Dataset records
╔══
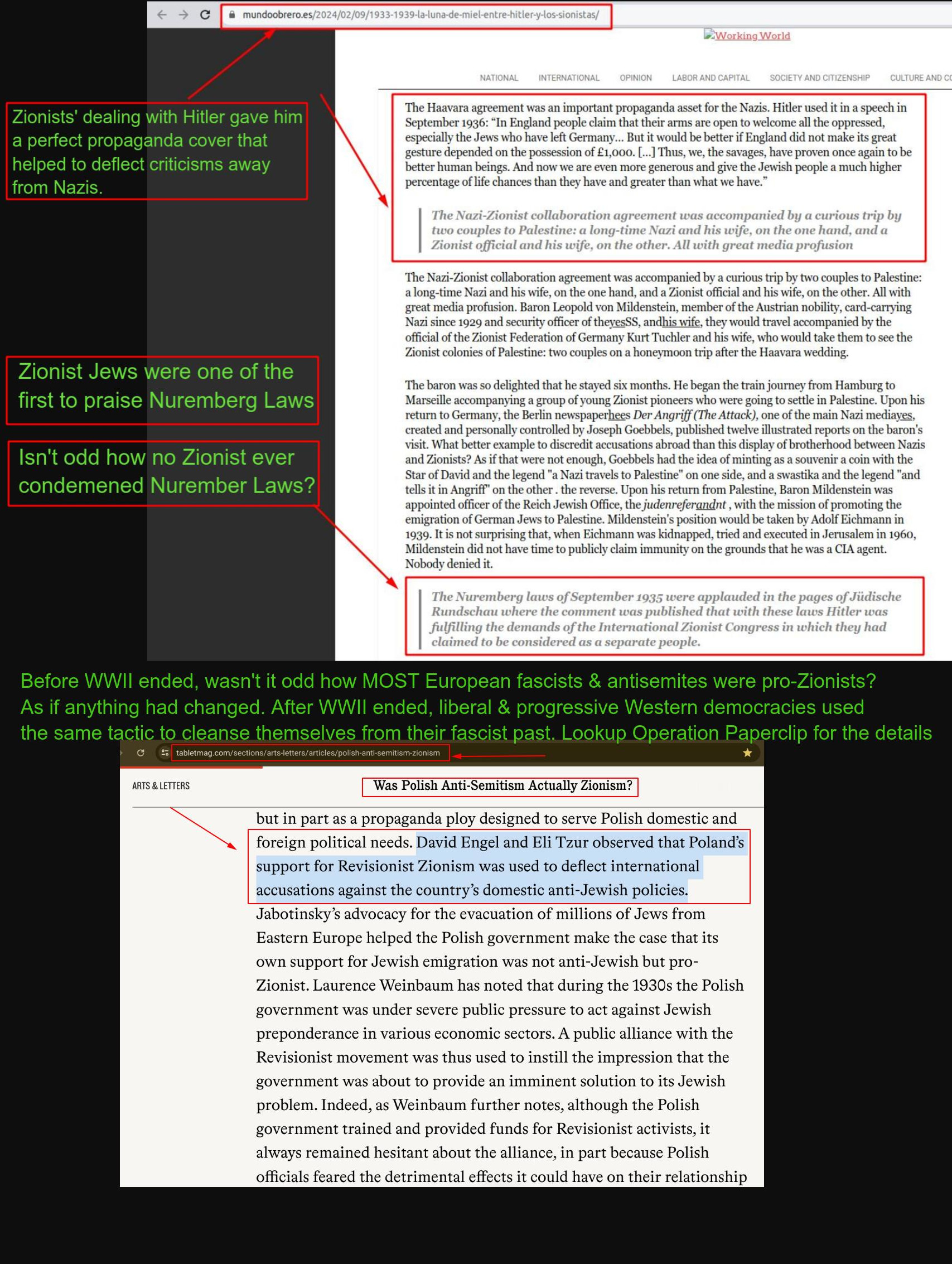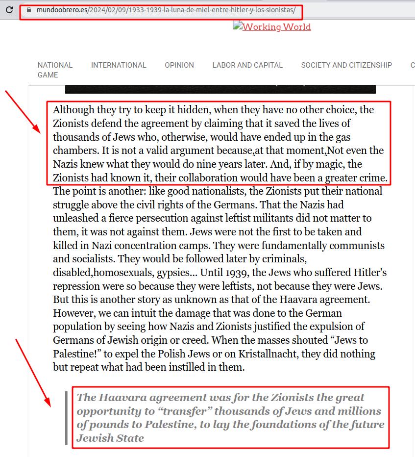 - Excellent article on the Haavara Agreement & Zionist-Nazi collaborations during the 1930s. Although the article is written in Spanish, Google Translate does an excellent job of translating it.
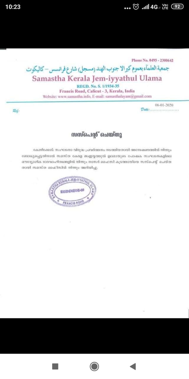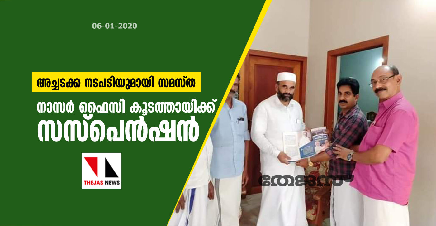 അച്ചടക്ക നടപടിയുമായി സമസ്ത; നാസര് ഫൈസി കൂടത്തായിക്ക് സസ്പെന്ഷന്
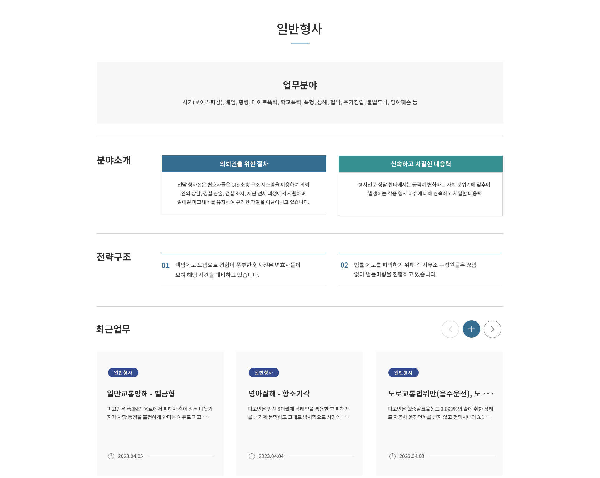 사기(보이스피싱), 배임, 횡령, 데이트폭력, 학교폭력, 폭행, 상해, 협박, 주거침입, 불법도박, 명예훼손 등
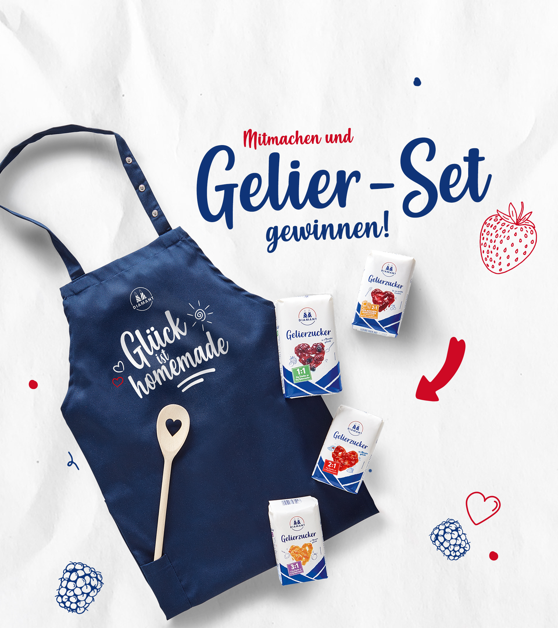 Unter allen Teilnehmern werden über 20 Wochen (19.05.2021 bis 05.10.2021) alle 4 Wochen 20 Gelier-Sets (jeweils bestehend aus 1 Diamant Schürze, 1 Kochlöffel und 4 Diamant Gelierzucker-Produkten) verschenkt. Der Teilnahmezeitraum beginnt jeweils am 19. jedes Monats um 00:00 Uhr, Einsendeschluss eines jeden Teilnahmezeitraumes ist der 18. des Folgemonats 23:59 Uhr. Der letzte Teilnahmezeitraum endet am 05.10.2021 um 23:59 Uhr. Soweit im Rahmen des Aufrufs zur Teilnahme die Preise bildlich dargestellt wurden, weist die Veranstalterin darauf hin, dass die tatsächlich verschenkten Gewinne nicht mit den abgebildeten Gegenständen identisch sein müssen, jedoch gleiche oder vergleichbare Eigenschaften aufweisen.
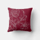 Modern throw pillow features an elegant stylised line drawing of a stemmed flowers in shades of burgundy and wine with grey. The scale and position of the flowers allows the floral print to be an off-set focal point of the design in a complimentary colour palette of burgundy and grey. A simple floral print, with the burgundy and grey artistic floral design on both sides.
╚══
> What to work on
Could all the data above be given again exactly, leaving out its images?

> Your response
 - Excellent article on the Haavara Agreement & Zionist-Nazi collaborations during the 1930s. Although the article is written in Spanish, Google Translate does an excellent job of translating it.
 അച്ചടക്ക നടപടിയുമായി സമസ്ത; നാസര് ഫൈസി കൂടത്തായിക്ക് സസ്പെന്ഷന്
 사기(보이스피싱), 배임, 횡령, 데이트폭력, 학교폭력, 폭행, 상해, 협박, 주거침입, 불법도박, 명예훼손 등
 Unter allen Teilnehmern werden über 20 Wochen (19.05.2021 bis 05.10.2021) alle 4 Wochen 20 Gelier-Sets (jeweils bestehend aus 1 Diamant Schürze, 1 Kochlöffel und 4 Diamant Gelierzucker-Produkten) verschenkt. Der Teilnahmezeitraum beginnt jeweils am 19. jedes Monats um 00:00 Uhr, Einsendeschluss eines jeden Teilnahmezeitraumes ist der 18. des Folgemonats 23:59 Uhr. Der letzte Teilnahmezeitraum endet am 05.10.2021 um 23:59 Uhr. Soweit im Rahmen des Aufrufs zur Teilnahme die Preise bildlich dargestellt wurden, weist die Veranstalterin darauf hin, dass die tatsächlich verschenkten Gewinne nicht mit den abgebildeten Gegenständen identisch sein müssen, jedoch gleiche oder vergleichbare Eigenschaften aufweisen.
 Modern throw pillow features an elegant stylised line drawing of a stemmed flowers in shades of burgundy and wine with grey. The scale and position of the flowers allows the floral print to be an off-set focal point of the design in a complimentary colour palette of burgundy and grey. A simple floral print, with the burgundy and grey artistic floral design on both sides.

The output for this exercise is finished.